Towards AGI - Schedule

Schedule

Topics & Papers

Paper presentations and projects: schedule & sign up sheet

Deadlines:
Oct 6 - Project proposal submission due

Dec 5, 2025, at 11:59 PM - Final project submission due
Poster Session is on Monday, November 24th, 2 pm - 5 pm

Class 1 (Wed, Sept 3, 3:30-5:30pm)

Lecturer: Irina Rish

Topic: Intro and Overview: A brief history of AI at Scale (slides, video)

Papers: The Bitter Lesson, GPT-3 paper: Language Models are Few-Shot Learners

Class 2 (Mon, Sept 8, 3:30-5:30pm)

Lecturer: Irina Rish

Topic: Intro and Overview: Continual Learning at Scale (slides, video)

Class 3 (Wed, Sept 10, 3:30-5:30pm)

Lecturer: Irina Rish

Topic: Overview of Papers to Present and Some Projects Topics (video-part1, video-part2 )

Class materials: some of the previous Topics & Papers (focus on: Continual Learning at Scale, Alignment and Safety, Emergence, Phase Transitions and Stat Physics of ML), Some previous large-scale projects, Towards Time_Series Foundation Models

Class 4 (Mon, Sept 15, 3:30-5:30pm)

Part 1: Lecturers: Alireza Dehghanpour Farashah and Aditi Khandelwal

Topic: Scaling Laws for Neural Language Models (slides, video)

Also covered: Training Compute-Optimal Large Language Models (Chinchilla Explained: video), Emergent Abilities of Large Language Models, Are emergent abilities of LLMs a Mirage? Additional materials: Neural Scaling Laws and GPT-3 (video); a nice overview of the history of scaling laws: Scaling Laws for LLMs: from GPT-3 to o3

Part 2: Lecturer: Hiroki Naganuma

Topic: An Empirical Model of Large-Batch Training (slides, video)

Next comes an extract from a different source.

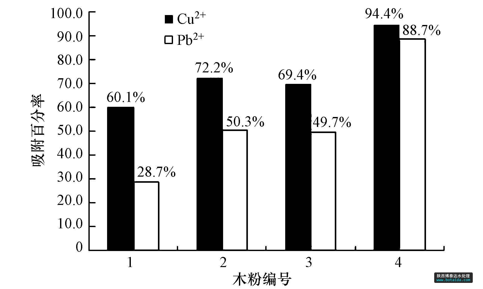 3.2 不同種類(lèi)木粉對(duì)吸附百分率的影響

Class 5 (Wed, Sept 17, 3:30-5:30pm)

Part 1: Lecturer: Alex Coventry

Topic: Planning with Reasoning using Vision Language World Model (video)

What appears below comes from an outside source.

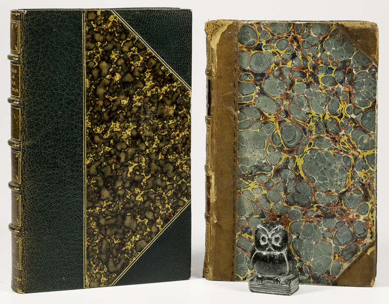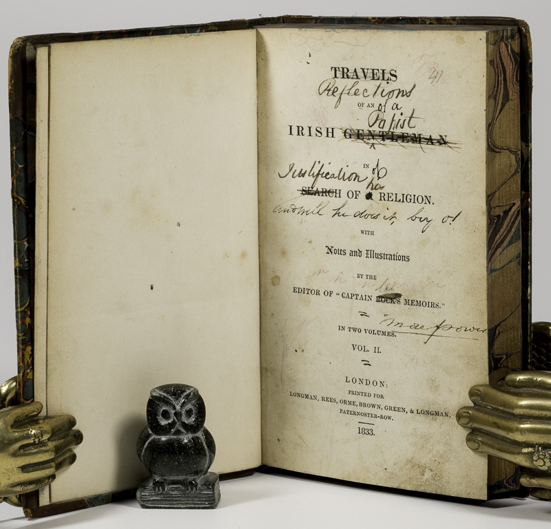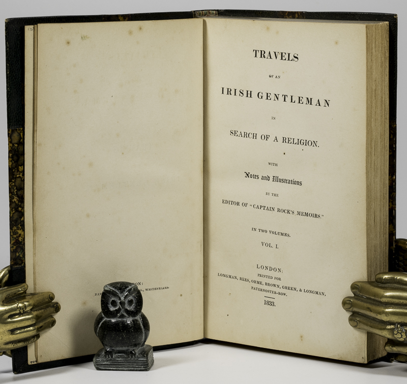 [Moore, Thomas]. Travels of an Irish Gentleman in Search of a Religion. With Notes and Illustrations by the Editor of “Captain Rock’s Memoirs”. In Two Volumes. First Edition. Two Volumes. London, Longman, Rees, Orme, Brown, Green, & Longman, 1833. c. 16 x 10 cm. Vol.1: xii, 335 pages / Vol.2: vii, 354 pages. Non-Uniform half leather over marbled boards. Please see images. Marbled end papers. Volume 2 with marbled edges. Very good condition. Some annotations on title page of volume 2 (see image). A good reading copy.

Part 2: Lecturer: Samin Yeasar Arnob

Topic: DeepSeek-R1: Incentivizing reasoning capability in LLMs via reinforcement learning (slides, video - part 2, starting at 01:04:29)

Class 6 (Mon, Sept 22, 3:30-5:30pm)

Part 1: Lecturers: Youssef Briki & Salman Hussain Ali

Topic: LoRA: Low-Rank Adaptation of Large Language Models (slides, video)

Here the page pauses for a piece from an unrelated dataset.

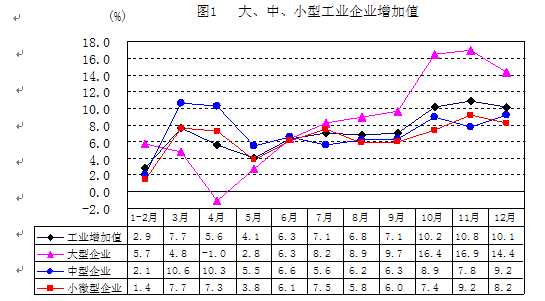 2.行业发展整体向好,但分化明显。2012年,规模以上工业的38个大类行业中,增加值增速在10%以上、5-10%、5%以下的行业分别有11、14和13个,其中,负增长的行业由前三季度的6个减少到2个。医药、有色金属冶炼、化学纤维、汽车和化学原料增长较快,增加值分别增长20.2%、15.8%、15.7%、15.4%和12.0%,这5个行业增加值占规模以上工业的20.3%,拉动规模以上工业增长2.8个百分点。而皮革、非金属制品、服装和石油加工增加值增速则分别为0.1%、0.1%、-0.8%和-3.7%。

Part 2: Lecturer: Samin Yeasar Arnob

Topic: Exploring Sparse Adapters for Scalable Merging of Parameter Efficient Experts (slides, video)

Class 7 (Wed, Sept 24, 3:30-5:30pm)

Part 1: Lecturers: Niklas Herbster & Martin Zborowski

Topic: Persona Vectors: Monitoring and Controlling Character Traits in Language Models (slides, video)

Part 2: Lecturer: Alex Coventry

Topic: VinePPO: Refining Credit Assignment in RL Training of LLMs (slides, video)

Class 8 (Mon, Sept 29, 3:30-5:30pm)

Lecturers: Matthew Wiens & Arthur Toulouse

Topic: Effect of scale on catastrophic forgetting in neural networks (slides, video)

Class 9 (Wed, Oct 1, 3:30-5:30pm)

Part 1: Lecturer: Brandon Leblanc

Topic: VGGT: Visual Geometry Grounded Transformer (slides, video)

Part 2: Lecturers: David Guzmán & Zihan Wang

Topic: Scaling Laws for Transfer (slides, video)

Class 10 (Mon, Oct 6, 3:30-5:30pm)

Part 1: Lecturers: Niklas Herbster & Martin Zborowski

Topic: On the Biology of a Large Language Model (slides, video)

Part 2: Lecturers: Simon-Olivier Duguay & Maximilien Le Clei

Topic: The AI Scientist: Towards Fully Automated Open-Ended Scientific Discovery (slides, video)

Class 11 (Wed, Oct 8, 3:30-5:30pm)

Part 1: Lecturers: Aidan Li & Ouakib Amine

Topic: Simple and Scalable Strategies to Continually Pre-train Large Language Models (slides, video)

Part 2: Lecturers: Matthew Wiens & Arthur Toulouse

Topic: The Platonic Representation Hypothesis (slides, video)

Class 12 (Mon, Oct 13, 3:30-5:30pm)

No class due to Thanksgiving.

Class 13 (Wed, Oct 15, 3:30-5:30pm)

Part 1: Lecturers: Aidan Li & Youssef Briki

Topic: The Ultra-Scale Playbook: Training LLMs on GPU Clusters (slides, video)

Part 2: Lecturers: Étienne Mitchell-Bouchard & Olivier Déry-Prévost

Topic: Evaluating Large Language Models Trained on Code (slides, video)

Class 14 (Mon, Oct 20, 3:30-5:30pm)

Part 1: Lecturers: Simon Roy & Samuel Barbeau

Topic: Hierarchical Reasoning Model (slides, video)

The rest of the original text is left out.